In 2002, Kordass and Gartner introduced a virtual articulator system, aimed at incorporating patient‐specific data into a software program (DentCam, Kavo; Hamburg, Germany) to generate simulated jaw movements and produce a dynamic and individualized visualization of occlusal contacts (Lepidi et al. 2021, Padmaja et al. 2015). A jaw motion analyzer (Zebris Company; Isny, Germany) is used to record patient‐specific mandibular movements by measuring the velocity of ultrasonic impulses emitted from transmitters and receivers. A digital sensor allows the determination of a reference plane (for example, the infraorbital or occlusal plane). Articulated virtual dental casts are then registered with recorded patient‐specific mandibular movements in the virtual articulator system (DentCam) (Gartner and Kordass 2003, Kordaß et al. 2002). By using recorded jaw motion, the virtual articulator provides a bridge to connect and complete digital data acquisition and CAD. Dental clinicians and technicians can have dynamic visualization of the occlusal contacts and optimize the occlusion on the CAD–CAM prostheses accordingly. The DentCam system may be considered a completely adjustable (CA) virtual articulator because it uses an electronic jaw registration system to accurately record movements of the mandible. Although it can accurately assess patient‐specific mandibular movements, it is less user‐friendly and expensive. It is more suitable for complex dental rehabilitations where the occlusal morphology of prostheses needs to be carefully designed to avoid occlusal interferences in excursions (Koralakunte and Aljanakh 2014, Lepidi et al. 2021).
In contrast to the CA virtual articulator, a mathematically simulated (MS) virtual articulator is an average value articulator and does not record or reproduce the individualized mandibular movement of each patient (Figure 11.4a). Similar to a mechanical articulator, a MS virtual articulator can be adjusted with various predefined parameters, such as Bennett angle or condylar inclination, to simulate desired mandibular movements. Although MS virtual articulators are not capable of reproducing patient‐specific mandibular movements, they may be indicated for clinical treatments where the occlusal morphology of prostheses can be managed to exclude occlusal disharmony. Although simulated dynamic occlusal contacts can be visualized in a MS virtual articulator, they may not accurately reflect occlusal contacts in excursions that occur in the patient (Figure 11.4b). Irrespective of these shortcomings, MS virtual articulators are more user‐friendly and less expensive than CA virtual articulators, and so are more widely accepted (Koralakunte and Aljanakh 2014, Lepidi et al. 2021).

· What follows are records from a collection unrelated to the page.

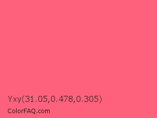 Yxy 31.05,0.478,0.305 Color is a light red color and the nearest color is Brink Pink #fb607f. Hex code #fe617b and RGB value is rgb(254,97,123). In RGB color space, this color is composed of 100% red, 38% green, 48% blue, In CMYK color space, this color is composed of 0% cyan, 62% magenta, 52% yellow , 0% black , In HSL color space, this color has a hue angle of 350° , 99% saturation and 69% lightness.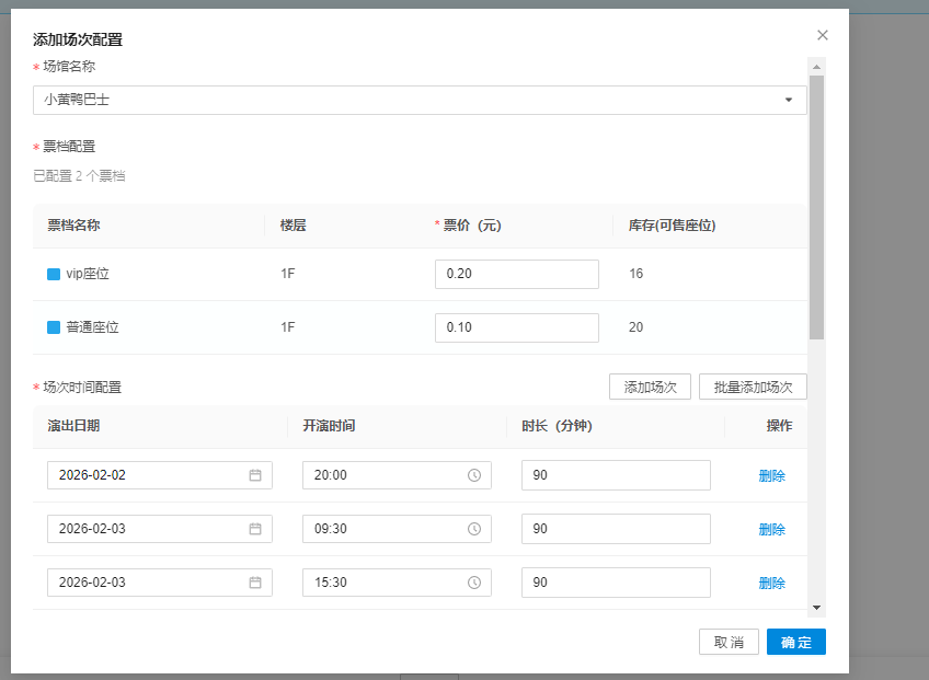 • 删除场馆配置:点击场馆行【删除】,二次确认后删除整行场馆及下属场次(场馆下有已售场次提示“该场馆存在已售场次,无法删除”)。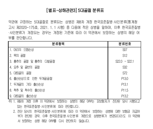 ② 제1항의 5대골절 진단비는 매사고 마다 지급합니다. 다만, 동일한 상해사고를 직접적 인 원인으로 2가지 이상의 5대골절 상태가 발생한 경우에는 1회에 한하여 보상합니다.

Szentpétery’s virtual articulator can be considered as an early attempt to produce an MS virtual articulator. In 2009, 3D scanner and reverse engineering software programs were used to develop a new generation of MS virtual articulators. The new design introduced inter‐condylar distance as an adjustable component and provided a basis for digitalizing commercially available mechanical articulators. Dental clinicians and technicians can therefore pick and choose what they consider to be the most suitable MS virtual articulator when designing CAD/CAM prostheses (Koralakunte and Aljanakh 2014, Padmaja et al. 2015, Solaberrieta, Garmendia, et al. 2010) (Figure 11.5).
11.3 Virtual Articulation
11.3.1 Brief Overview of Clinical Procedures
Direct and indirect workflow options can be used to transfer digital data and position digital casts for MS virtual articulators (Úry et al. 2020). For the indirect workflow option, conventional analog impressions are made and the resulting stone dental casts are articulated using a facebow and interocclusal records on a mechanical articulator. A laboratory scanner is used to digitize the stone casts and articulation and transfer the information onto a virtual articulator (Úry et al. 2020). For the direct workflow option, intraoral scanners are used to obtain a digital representation of dental arches and interocclusal records. Instead of traditional facebow, various digital facebow techniques have been proposed to register the maxillary digital cast using a 3D facial scan and a static 3D dental patient (Amezua et al. 2021, Solaberrieta et al. 2015).
The static 3D dental patient can be registered with additional facial scans recording different facial expressions or with 3D digital volumes (craniofacial hard tissues) from cone‐beam computed tomography (CBCT) to satisfy different treatment demands (Amezua et al. 2021). Once the 3D dental patient is complete, a reference plane (such as Frankfort plane, Camper’s plane, or axis‐orbital plane) can be identified from the facial scan to register a virtual articulator to the 3D dental patient (Lam et al. 2018). In summary, although the specific nature of clinical steps may vary, the following three clinical steps are required to utilize a virtual articulator and a digital workflow: (i) digital data acquisition, such as intraoral scans (IOS), facial scans, CBCT scans, and virtual interocclusal records; (ii) virtual facebow, registering digitized maxilla to the same 3D coordinate system to 3D facial scan using desired digital facebow techniques; (iii) virtual articulation, positioning all digital data (a complete 3D dental patient) onto a virtual articulator (Figure 11.6).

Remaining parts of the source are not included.